I have been doing a fair amount of basic restriction cloning over the last couple of years; isolating bits of DNA from various plasmids to stick in to other plasmids, PCR amplifying genes to add restriction sites, etc. When doing this, one has to separate the fragments of DNA that are required for the next step. If you are just cutting a handful of bases off the end of a PCR amplified fragment, you can use a spin column to get rid of the small pieces and the primers. However, if you need part of a plasmid, or your amplification does not result on a single clean DNA band, then you have to remove the rest of the DNA fragments. This is traditionally done by running your sample on an electrophoresis gel and cutting out the band that corresponds to the fragment you need.

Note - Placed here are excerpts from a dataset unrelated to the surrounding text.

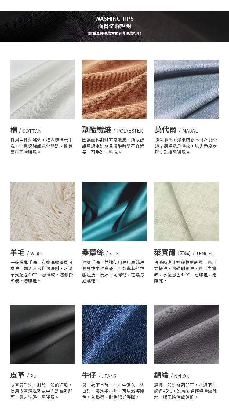 ●可水洗晾乾,不能使用冷洗精、柔軟精及漂白水,不能乾洗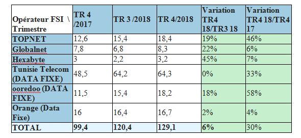 En effet, au 4ème trimestre 2018, Topnet a réalisé une augmentation de 3 Millions DT, soit un taux de croissance de 19%, par rapport au trimestre précédent et de 5,8 Millions DT, soit un taux de 46%par rapport à la même période de 2017 (Tableau indicatif ci-après)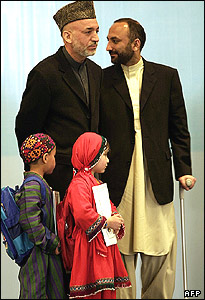 حامد کرزی، رییس جمهور افغانستان و حنیف اتمر، وزیر آموزش و پرورش این کشور در کنار دو کودک افغان در مراسمی در کابل.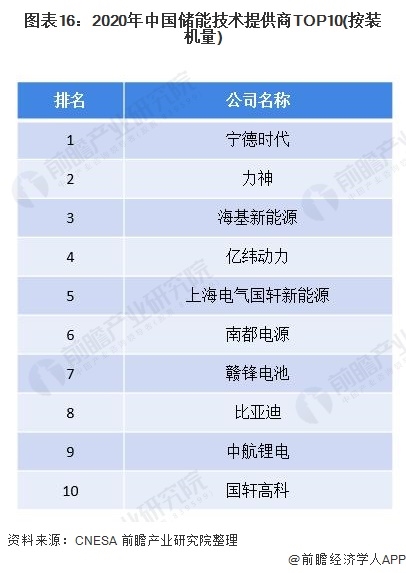根據(jù)《儲能產(chǎn)業(yè)研究白皮書2021》數(shù)據(jù)顯示,2020年,中國新增投運的電化學(xué)儲能項目中,裝機(jī)規(guī)模排名前十位的儲能技術(shù)提供商,依次為寧德時代、力神、?;履茉?、億緯鋰能、上海電氣國軒新能源、南都電源、贛鋒電池、比亞迪、中航鋰電和國軒高科。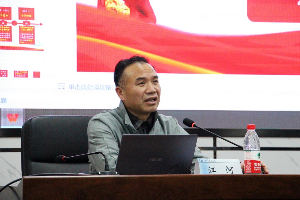 4月13日晚,经管学院第37期入党积极分子培训班第二次理论课顺利开展。设计艺术学院党委书记江河讲授了《党的百年历程》专题党课。经管学院党委副书记唐青,20级辅导员戴逢哲及培训班全体学员参加了此次党课。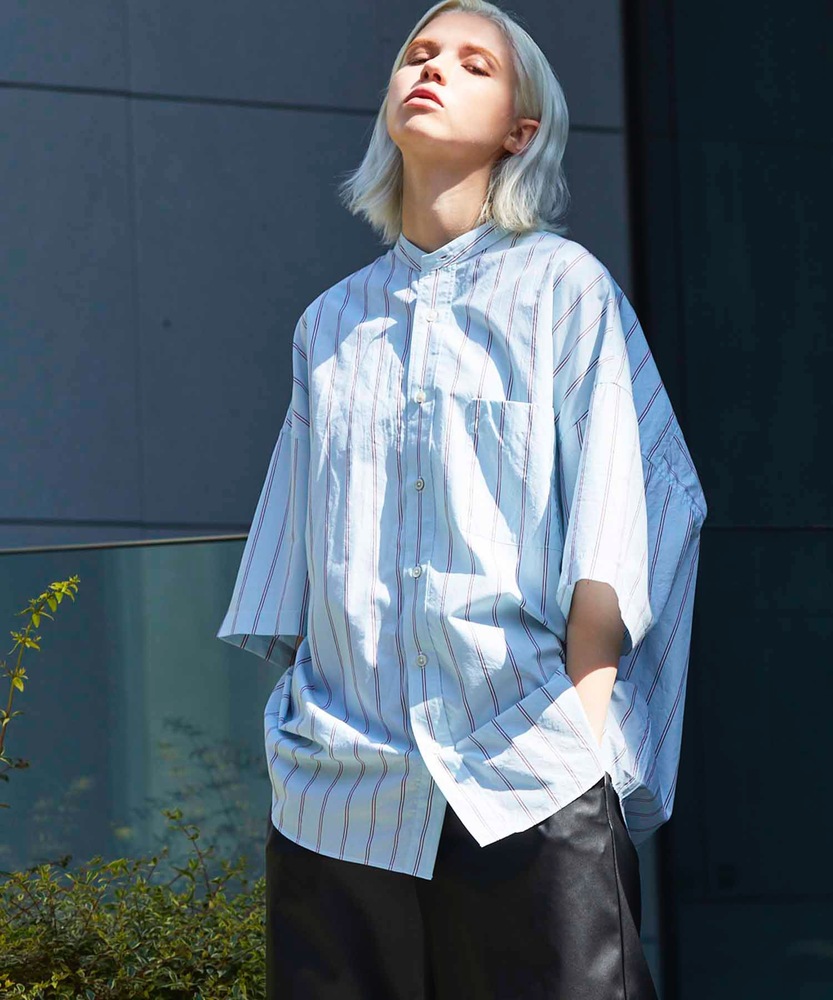 縦糸にレーヨン、横糸にコットンポリエステルを使用しドライ感のある生地に仕上げた一着。ビッグシルエットなので、トレンドライクな着こなしが可能になります。
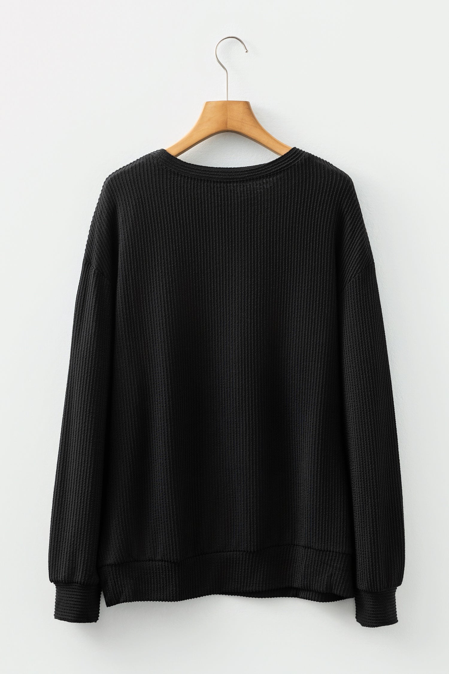 Black Twisted Rib Outlined Merry Letter Graphic Loose Long Sleeve Top
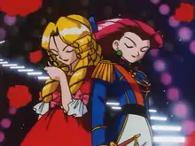 Jessie and James cross-dressed in a fashion similar to that of the manga The Rose of Versailles. They reused these outfits in I Feel Skitty!. Also, in The Bicker the Better, the Young Couple Oscar and Andi wear the same outfits. | |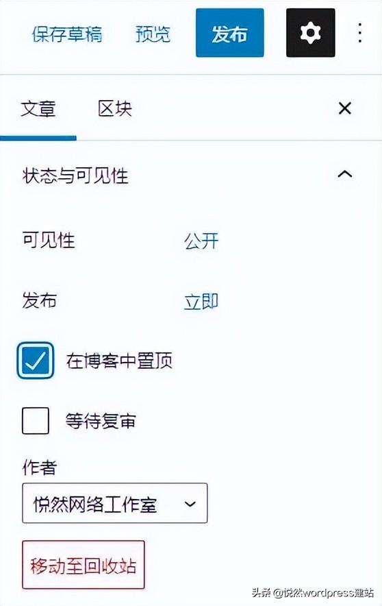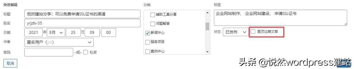 温馨提示:wordpress网站自带的置顶功能主要是针对博客网站中,但是很多企业网站因为都是二次开发过的,有些还取消也自带的配置功能,所以有些wordpress企业网站可能配置功能不会生效。此时可以尝试找第三方的置顶插件代替。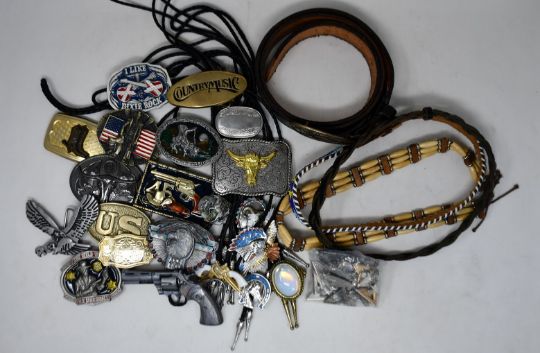A quantity of belts, belt buckles, Bolo ties with brands to include Bergamot, Baron Buckles and Transide.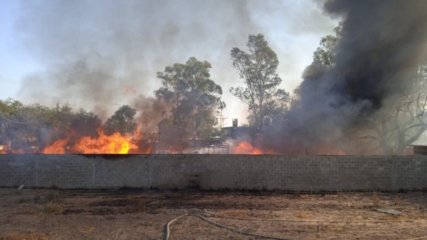 Participa la Delegación de Villa de Pozos en el combate al incendio en empresa tarimera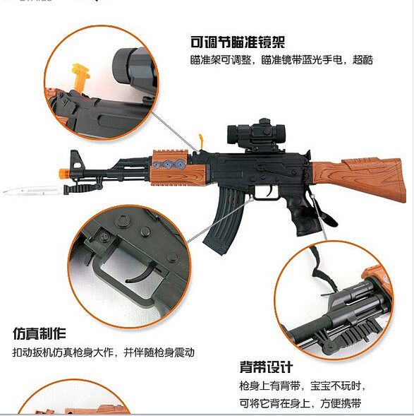 Imitation AK47 electric toy gun children's sound and light heavy vibration rifle submachine gun with bayonet children's toys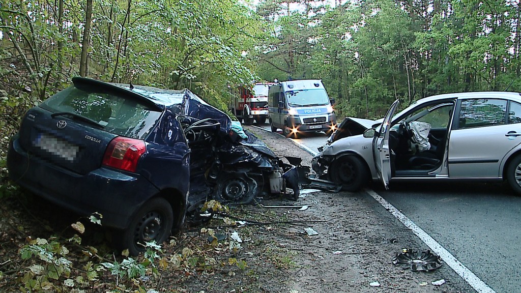 Na trasie Rosochy-Łebno doszło do czołowego zderzenia dwóch pojazdów. Policja wyjaśnia dokładne okoliczności wypadku.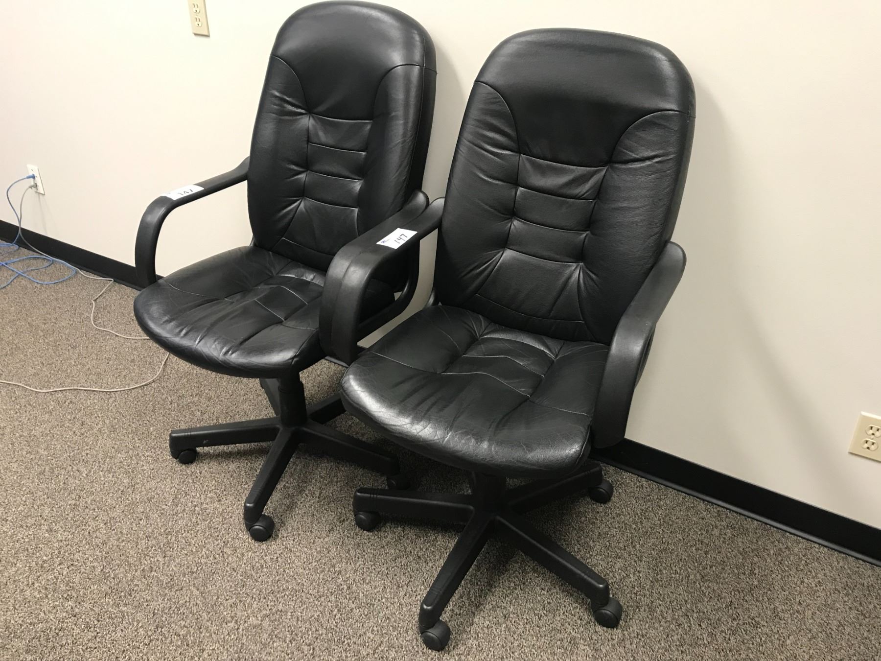 PAIR OF BLACK LEATHER OFFICE CHAIRS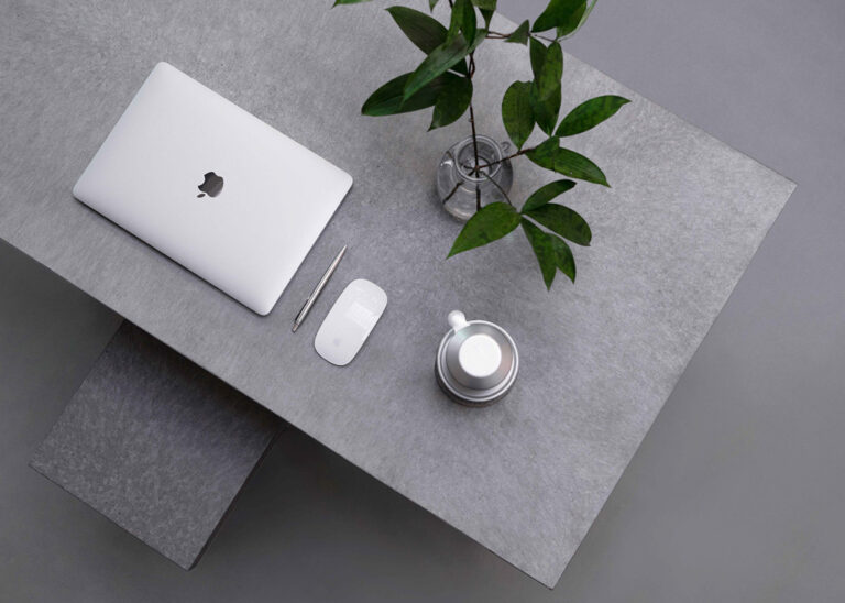 DCSG studio has produced a furniture set made entirely from recycled plastic waste that looks like concrete. The range consists of one table and four stools and is inspired by 20th century Modernist Architecture. The furniture forms are bold but have been constructed using woodworking techniques using wooden pins and fasteners. This traditional construction technique allows for the furniture to be disassembled and recycled into plastic boards after use.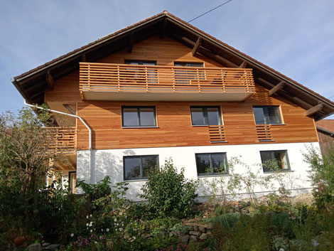 Im Sommer 2021 durften wir einen langjährigen Kunden aus Niederhöfen bei dem Ersatzneubau des Bauernhauses mit unserer Holzbautätigkeit unterstützen.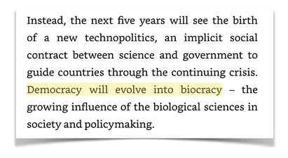 Il annonce l’avènement d’une sorte de scientisme, qu’il nomme « Biocratie » ou le gouvernement par les sciences biologiques.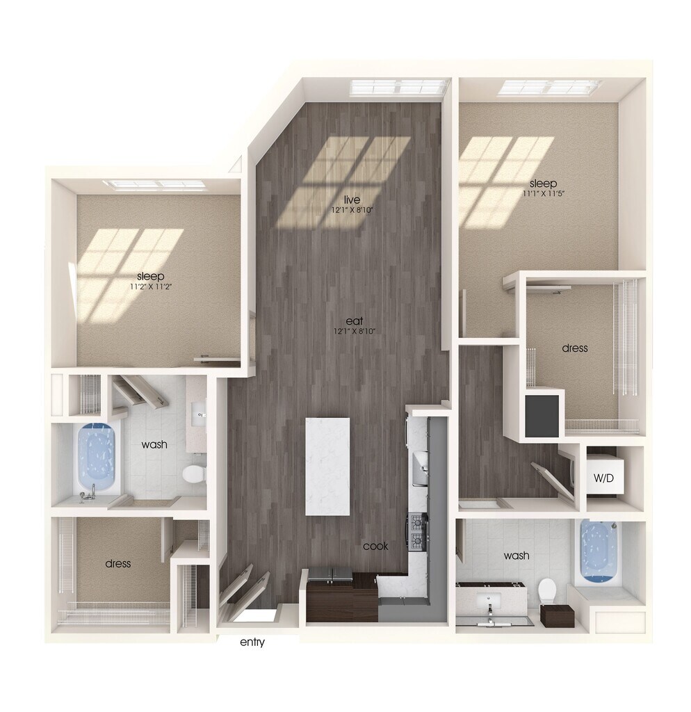 2 Dormitorios, 2 Baños, 1161 pies²Disponible AhoraGalería del Modelo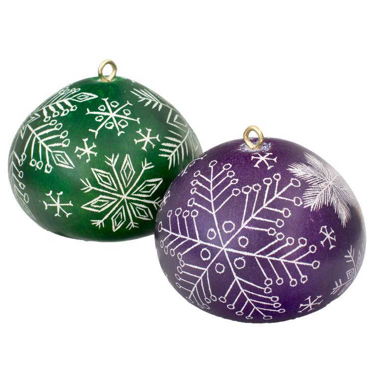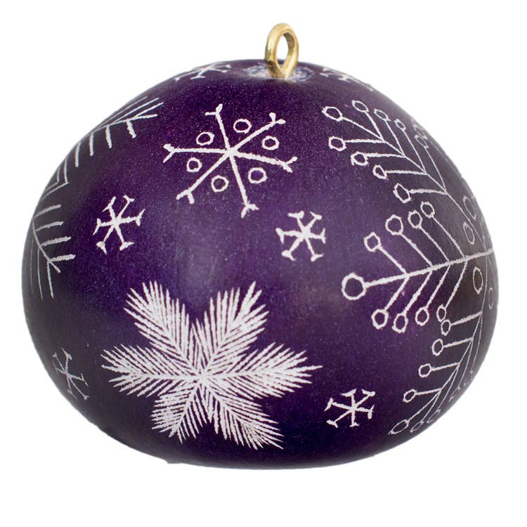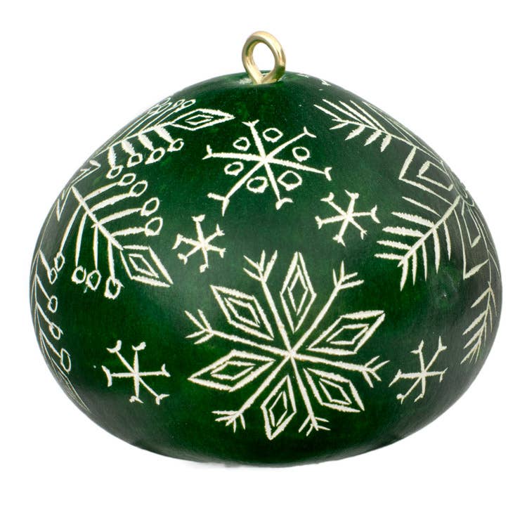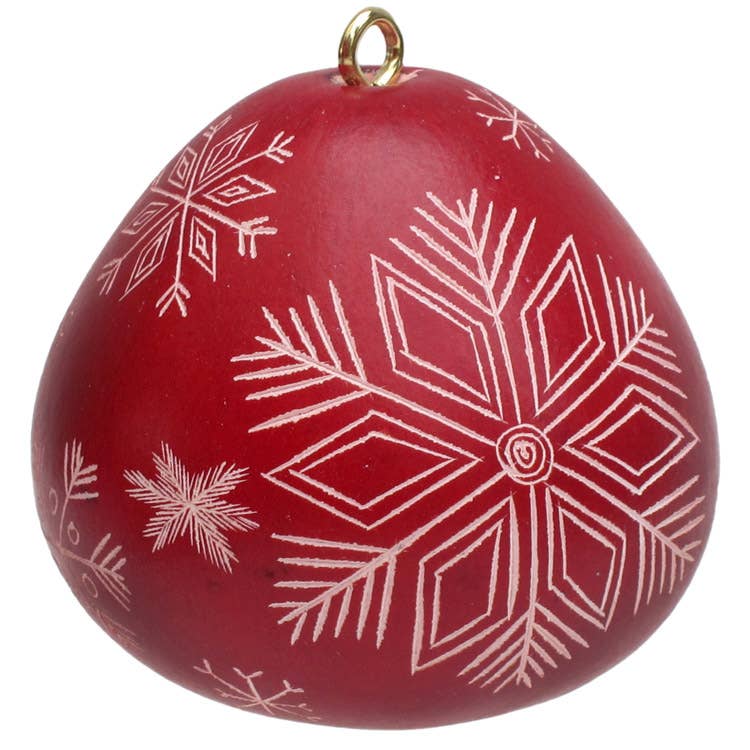 Tiny gourds have been transformed into beautifully handcrafted snowflakes! Celebrate the snow season and hang these simple ornaments from your tree--or share the magic feeling and use them as stocking stuffers! Designed and hand-crafted by artists in Peru, our gourd ornaments bring a modern flair to a 4,000-year-old traditional carving and burning technique. Each one is hand- carved and burned by one of our fine artists in Peru. They average 1.5”-1.75” tall. Details vary as nature and the artist intended. Price displayed is for one ornament. Size: 1.75" - 2" artist made holiday and xmas gift ideas

https://commons.wikimedia.org/wiki/File:Cutting_of_the_agarose_gel.jpg https://commons.wikimedia.org/wiki/File:Cutting_of_the_agarose_gel.jpg

https://commons.wikimedia.org/wiki/File:Cutting_of_the_agarose_gel.jpg

To cut out the DNA band you need to see it. In our lab we used a handheld UV lamp which allows you to visualize the bands, but it is not great for a few reasons. First, UV light destroys DNA. Attempts to minimise the impact of UV on my DNA has led to many struggles; flicking the lamp on, trying to get the razor blade to line up with the band and turning the lamp off in a couple of seconds. Not easy. The fact that the lights in our lab can’t be manually turned off made this even harder. I had to make a fort of random cardboard boxes to produce a dark area; the ergonomics of this set-up could not be described as optimal. I am also incredibly paranoid about UV light and the risk of cancer, for a good reason. We do not have any lab coats that reach to the end of my rather lanky arms, so I have to fold myself in to a particularly contorted position to keep my arms covered.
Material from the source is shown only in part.